_Given material_
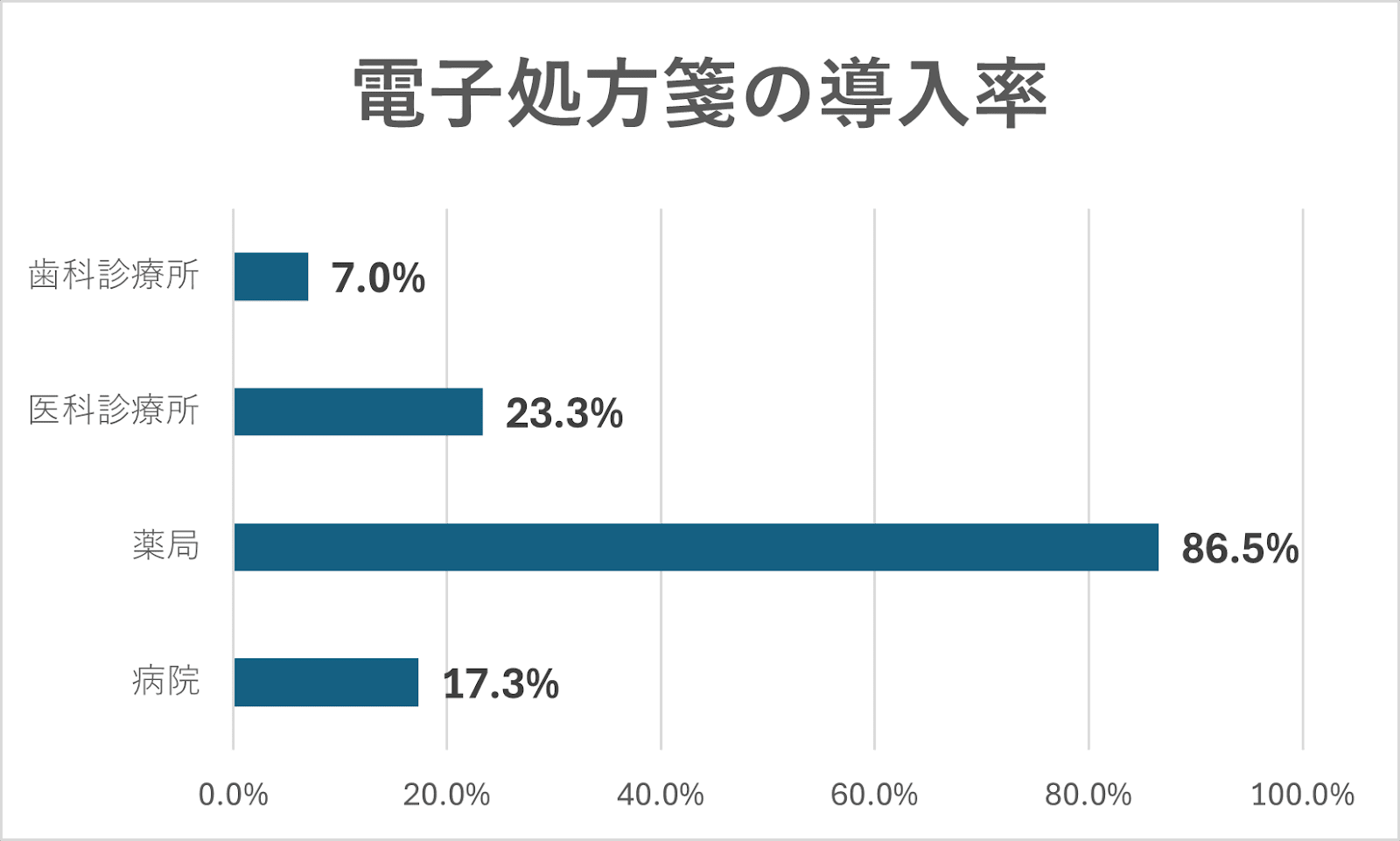 令和7年10月時点の導入率は全施設で36.5%です。薬局は86.5%と進む一方、病院は17.3%、医科診療所は23.3%にとどまっており、医療機関側の導入が遅れています。
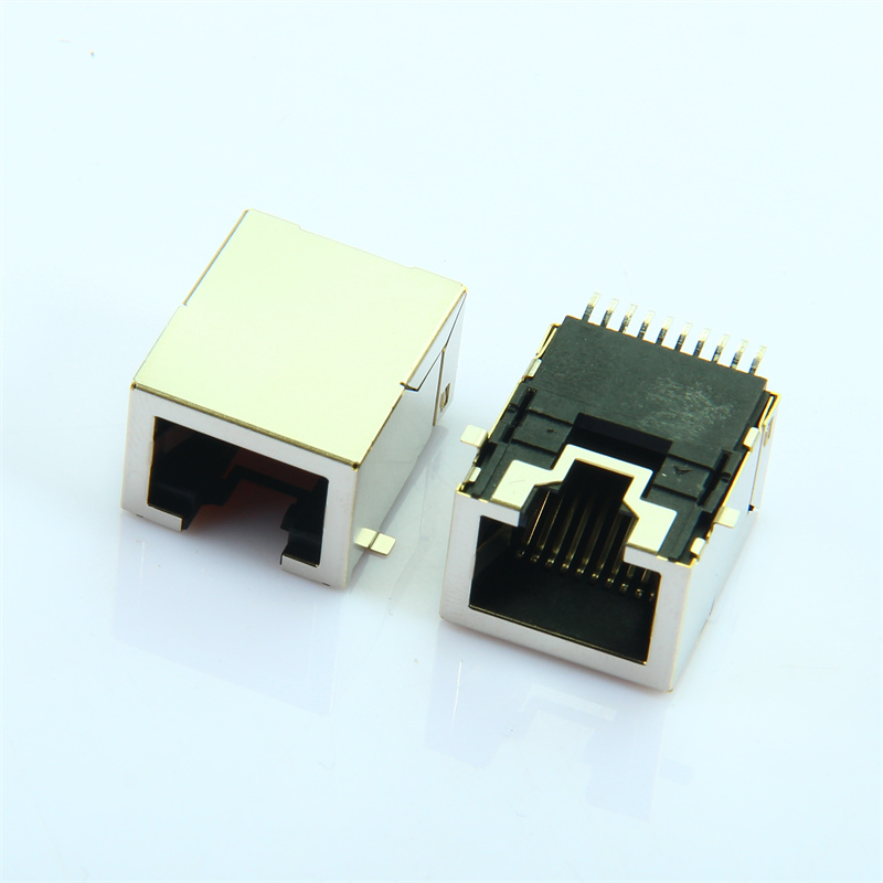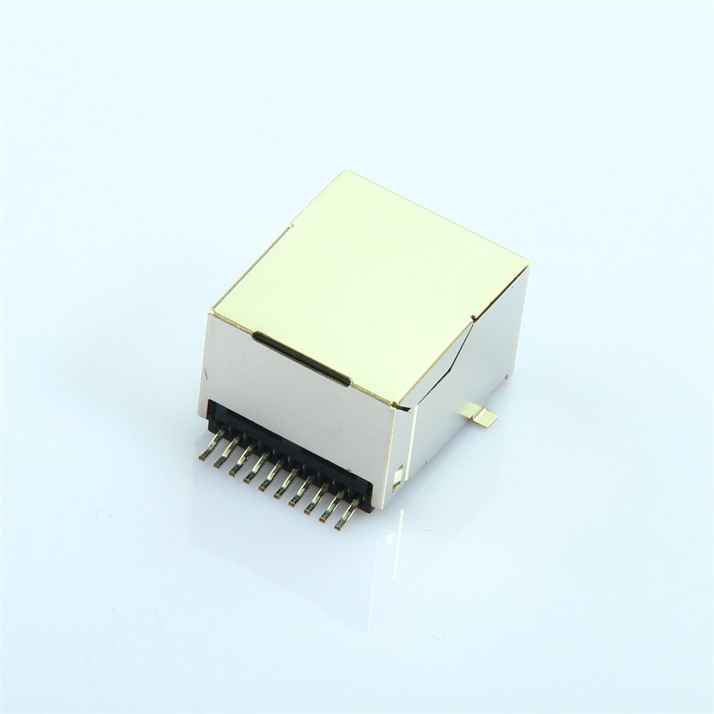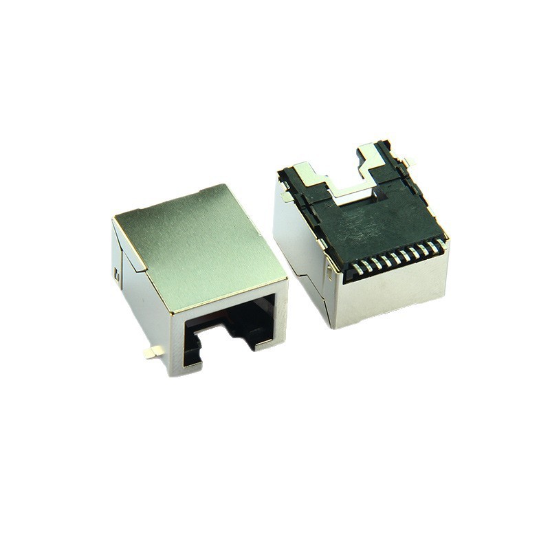 RJ45 母座连接器 - 卧式插件10P8C无灯超薄屏蔽网口接口
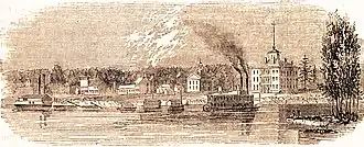 The leaders of Napoleon were ambitious, not only did they create a town with a large wharf, they lobbied to be the location of one of the Federal Marine Hospitals and aspired to build a railroad linking Napoleon to the Pacific Ocean.[2] Despite such aspiration the town quick established a sour reputation for filth, bugs and crime. U.S. Supreme Court Justice Peter Vivian Daniel wrote to his daughter about his visit to Napoleon in 1851 calling it a "miserable place [that] consists of a few slightly build wood houses, hastily erected no doubt under some scheme of speculations, and which are tumbling down without ever having been finished…"
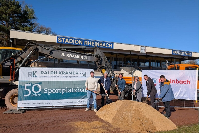 Bürgermeister Dr. Daniel Phiesel setzt Spatenstich für Erneuerung von Rasenplatz, Laufbahn und Flutlichtanlage

_Work item_
Set down the line containing "The leaders of", then every later line through the end of the material, exactly as written; omit any picture.

_Worked solution_
 The leaders of Napoleon were ambitious, not only did they create a town with a large wharf, they lobbied to be the location of one of the Federal Marine Hospitals and aspired to build a railroad linking Napoleon to the Pacific Ocean.[2] Despite such aspiration the town quick established a sour reputation for filth, bugs and crime. U.S. Supreme Court Justice Peter Vivian Daniel wrote to his daughter about his visit to Napoleon in 1851 calling it a "miserable place [that] consists of a few slightly build wood houses, hastily erected no doubt under some scheme of speculations, and which are tumbling down without ever having been finished…"
 Bürgermeister Dr. Daniel Phiesel setzt Spatenstich für Erneuerung von Rasenplatz, Laufbahn und Flutlichtanlage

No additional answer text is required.